14 Sep 2022
One of the most well-loved names in para sports will today announce his retirement at the University of the Sunshine Coast, while launching a sporting legacy for athletes to come.
Professor Brendan Burkett OAM is announcing the UniSC Para Sports Hub, which recognises the existing facilities, expertise, quality coaching and athletic strength at the university, and formalises it in the build-up to the Paralympic and Olympic Games in 2032.
The hub has been endorsed by senior representatives at Paralympics Australia, Sporting Wheelies and Disabled Association, and the Queensland Academy of Sport.

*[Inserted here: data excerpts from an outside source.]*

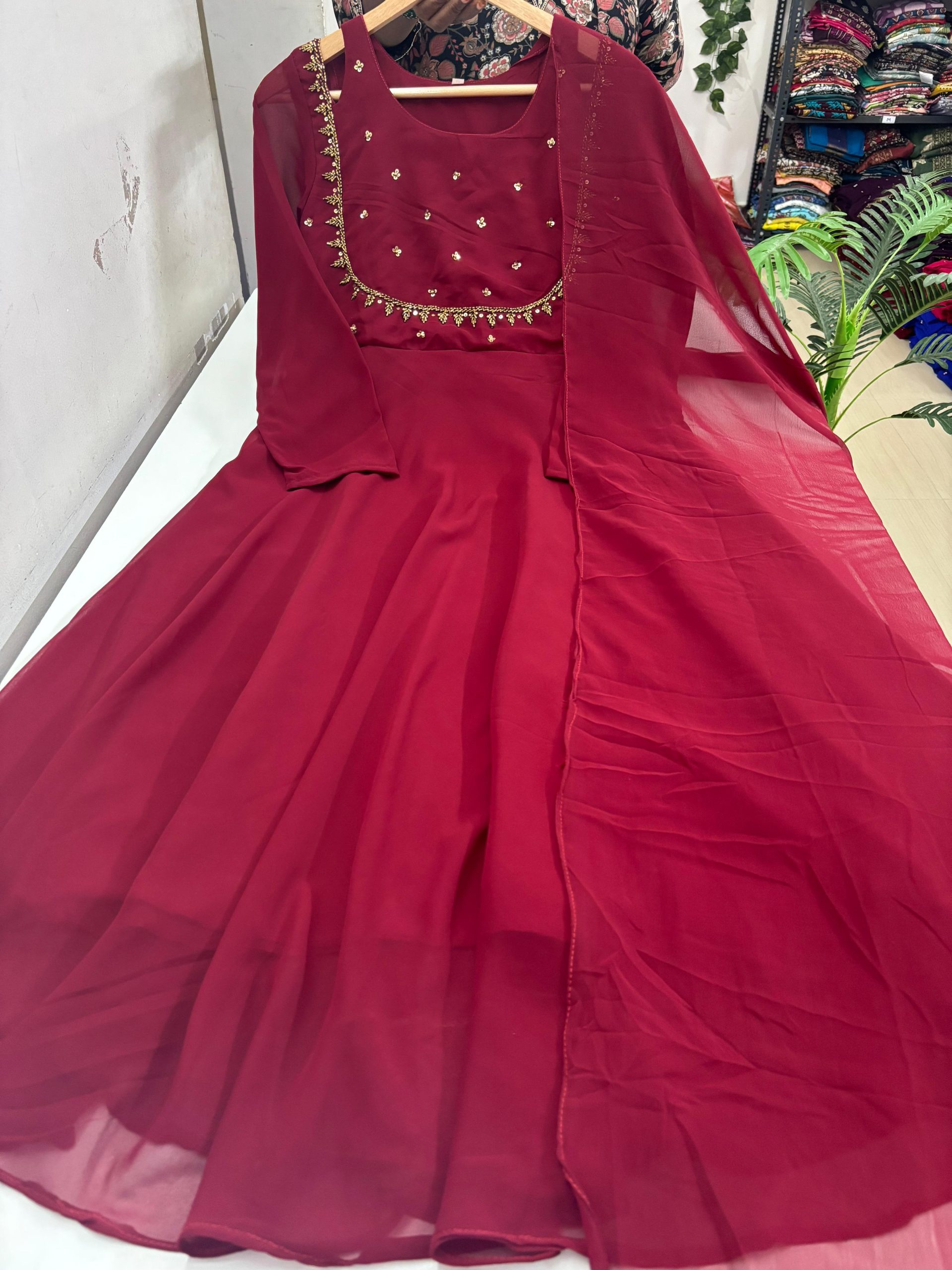 Be the first to review “Georgette Flared Umbrella Kurti Dupatta Set-MAROON” Cancel reply
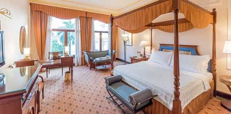 Guaranteeing comfort and the same sense of heritage you see throughout the rest of the hotel, the rooms and suites are all well-designed and spacious. There are 204 to choose from, some offering views of the city, others of the garden, and all come with TV, air-conditioning, tea and coffee, a safe and a well-stocked minibar. Highlights are probably the sparkling, marble-clad bathrooms and their beautiful array of Ayurvedic toiletries, and the ones with views of the tranquil courtyard. Dreamy.
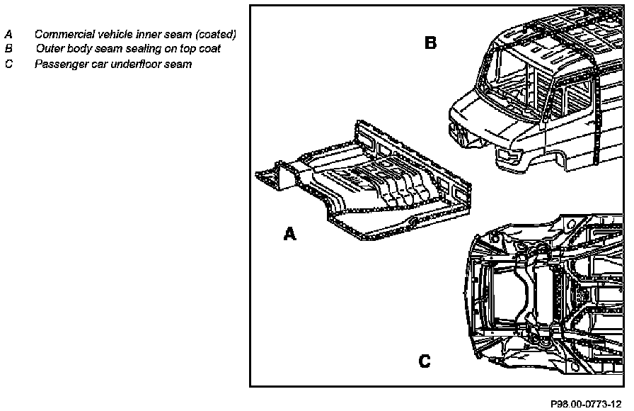 PVC and PUR body seam sealing materials on overlaps, folds, in gaps and joints serve as sealants and corrosion protection and produce a visually smooth surface.
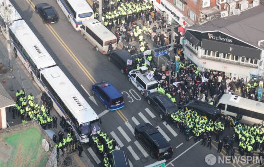 [서울=뉴스핌] 김학선 기자 = 헌재 탄핵심판 3차 변론기일에 출석하는 윤석열 대통령을 태운 차량과 경호차량이 21일 서울 종로구 헌법재판소에 도착하고 있다. 2025.01.21 yooksa@newspim.com

“UniSC has been excelling in para sport excellence for more than a decade. We have the knowledge, the staff, the skills and desire to make it succeed,” said Professor Burkett, who is also stepping down as UniSC’s High Performance Sport Director.
“Today we are formalising our commitment at UniSC to create a national one-stop-shop for athlete development, where athletes gain the support, facilities, mentorship, expertise and services they need to succeed.”
“Accessibility has been a cornerstone of UniSC. But it’s important to remember that creating the right environment is more than installing elevators and operable doors.”
Professor Burkett said the hub would further strengthen the university’s research and teaching in the field of adaptive sports, plus form a key engagement tool with the International Paralympic Committee, with the 2032 Paralympics around the corner.
High Performance Director of Paralympics Australia’s Wheelchair Rugby program Paul Kiteley said UniSC had long been highly regarded for fostering excellence in athletes with disabilities.
“UniSC has a successful history of supporting para-athletes and teams,” Mr Kiteley said.
“This hub will provide an opportunity to strengthen the relationship between the sports peak bodies, the University of the Sunshine Coast, and the para sport community.”
“It’s about having the soft skills and experience to engage and communicate with athletes and other stakeholders in a specialised field and having connections to make things happen. UniSC ticks all boxes.”
UniSC Vice-Chancellor and President Professor Helen Bartlett said Professor Burkett was leaving an incredible legacy.
“A former national Paralympics captain, flag-bearer and veteran of four Paralympic Games, he has dedicated his career to improving the lives of impaired athletes and everyday citizens,” Professor Bartlett said.
“Brendan’s commitment is to being the best person he can be and encouraging others to do likewise.”
“He has formed this hub to not only serve the immediate community which needs it, but to inspire athletes everywhere.”
Two-time Paralympic Gold medallist Chris Bond, who bases himself at the hub, said such inspiration would allow Professor Burkett’s legacy to live on.
“Let’s put aside high-performance sports and remember that anything that encourages anybody into sports – whether as an impaired athlete or otherwise – is the ultimate goal,” Bond said.
“Sport is a special driver in our community. It changes the way people feel about themselves and others and helps them meet people they never would have otherwise.”
Professor Burkett also paid homage to the people who had shaped the opportunities at UniSC’s Para Hub, in particular Dr Bridie Kean, Kristy Munroe, Tania Stevenson, Professor Mark Sayers, Nathan Gordon, Luke Hogarth, Aaron Turner, and Dr Mark McKean, along with the PhD students, para-athletes and support staff.
He is in his 25th year as a professor with UniSC, holds qualifications in Biomechanics and Engineering, and has been Head Coach of the Australian Paralympic swim team since 2018, a role that will continue for the 2023 World Championships and the 2024 Paris Games.
Though he is retiring as director, he will continue with some research projects at UniSC.